The James Webb Telescope captured a dramatic image of a newborn star

A new image of the Herbig-Haro object captured by the James Webb Space Telescope shows a dramatic outflow from a young star. These luminous flares are created when stellar winds rush in the opposite direction of a newborn star, as jets of gas hit nearby dust and gas at incredible speeds. These objects can be very large, up to several light years across, and they shine brightly in the infrared wavelengths at which James Webb operates.

This image shows the Herbig-Haro object HH ​​797, which is located close to the star cluster IC 348, and also close to another Herbig-Haro object captured by Webb recently: HH 211.

The NASA/European Space Agency/Canadian Space Agency’s James Webb Space Telescope reveals intricate details of the object Herbig Haro 797 (HH 797). Herbig-Haro objects are luminous regions around newborn stars (known as protostars), and are formed when stellar winds or jets of gas ejected from these newborn stars form shock waves that collide with nearby gas and dust at high speeds. ESA/Webb, NASA & CSA, T. Ray (Dublin Institute for Advanced Study)

The image was taken using Webb’s Near Infrared Camera (NIRCam) instrument, which is well suited to probing young stars, Webb scientists explained in a statement, : “Infrared imaging is a powerful way to study newborn stars and their outflows, because the youngest stars are still embedded in the gas and dust that formed them. Infrared emissions from the star’s outflow penetrate the obscuring gas and dust, making the Herbig-Haro object ideal for observations with Webb’s sensitive infrared instruments.

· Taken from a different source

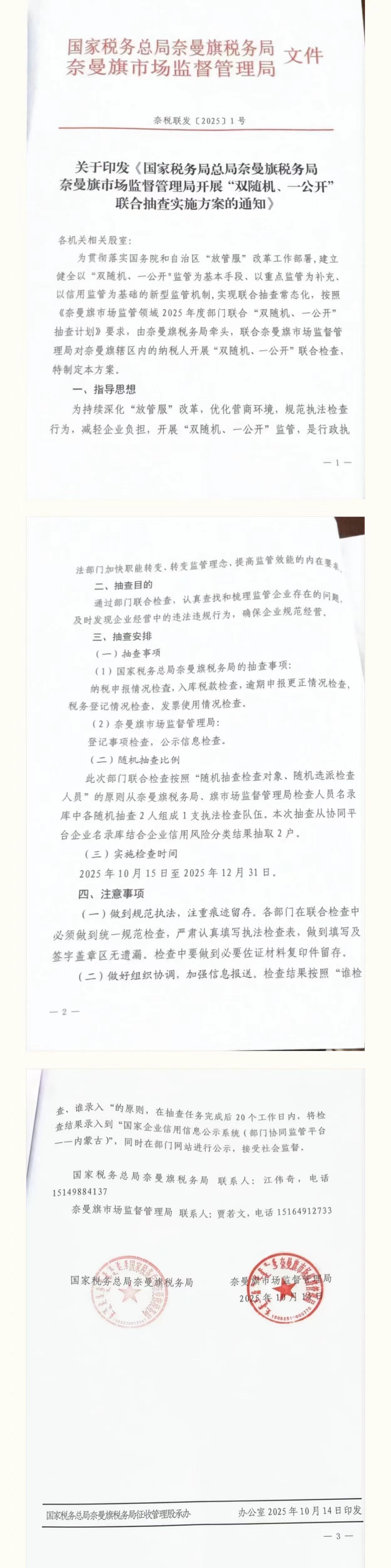 关于印发《国家税务局总局奈曼旗税务局 奈曼旗市场监督管理局开展“双随机、一公开” 联合抽查实施方案的通知》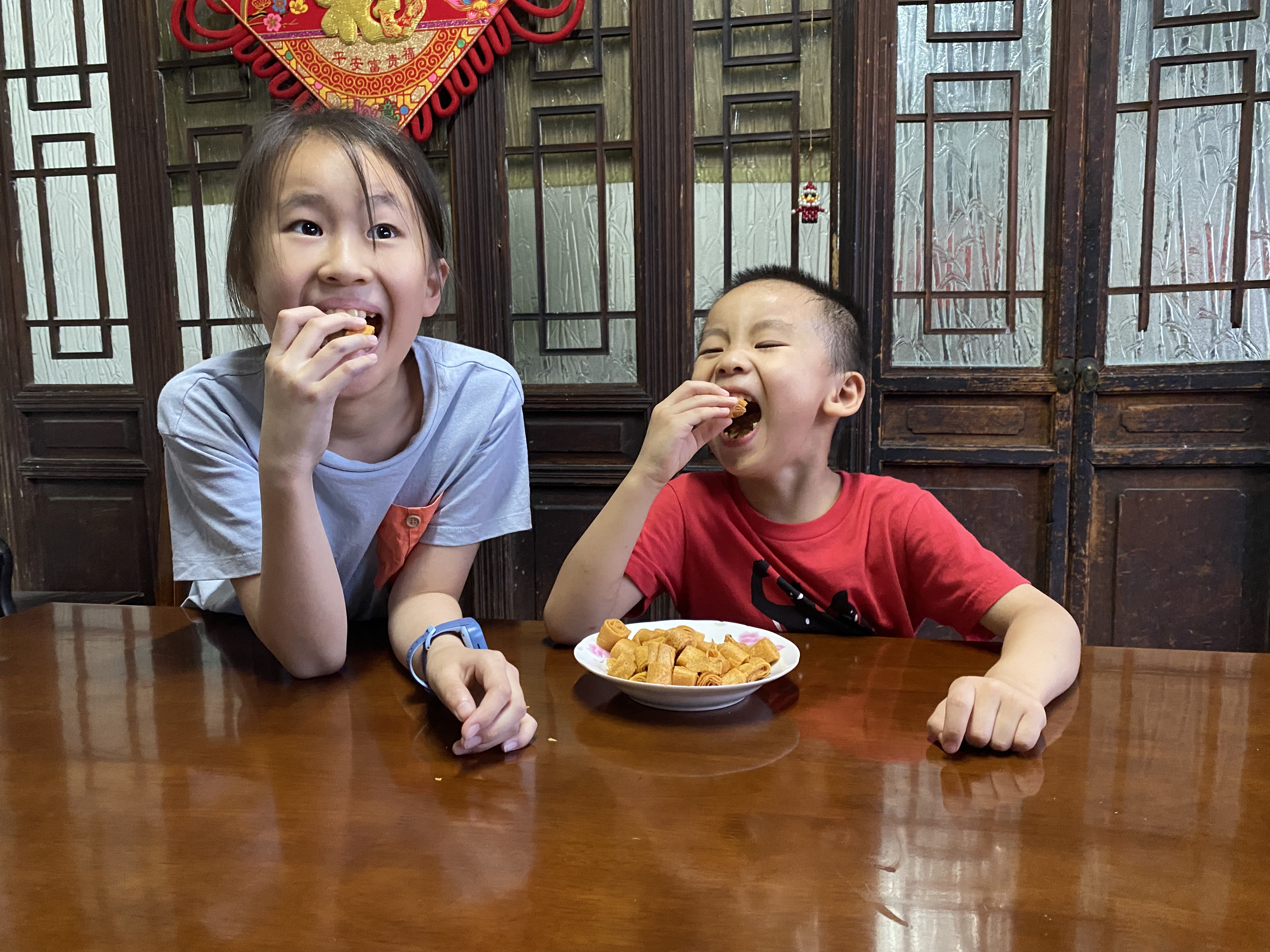 40号院是方正的一进院,院子里一棵近六十年的香椿树高大苍劲,绿荫如盖,守护着古色古香的一方天地。这个时节,小院地上落满了素洁清香的香椿花。青砖灰瓦、赭红色的垂花檐板……这里完好地保留了老北京四合院的传统规制,唯有冬天爱漏风的老式门板被卸下来,改成了镶玻璃木门,但也舍不得丢弃,被藏挂到入门处上方。除此之外,朱老一家的生活早已发生翻天覆地的新变化,即便住在胡同深处,他们也过上了现代化新生活。楼房里的便利设施在这里一个也不落,四合院里加装了三个厕所,所有房间都装上了电暖气和空调,全电的现代厨房随时可以做出一大桌子美食,快递外卖随叫随到。

“Molecules excited by turbulent conditions, including hydrogen and carbon monoxide molecules, emit infrared light that Webb can collect to visualize the structure of the outflow. NIRCam is very good at observing hot (thousands of degrees Celsius) molecules excited by shocks.”

The Herbig-Haro object is unusual because scientists initially believed it was created from a single young star, like most similar objects. But these detailed observations reveal that there are actually two sets of outflows, originating from a pair of stars at the center.

In addition to the bright ripples of Herbig-Haro objects at the bottom of the image, it is also expected that there will be more new stars being born at the top of the image. The bright spots in shades of yellow and green are believed to be home to two young protostars.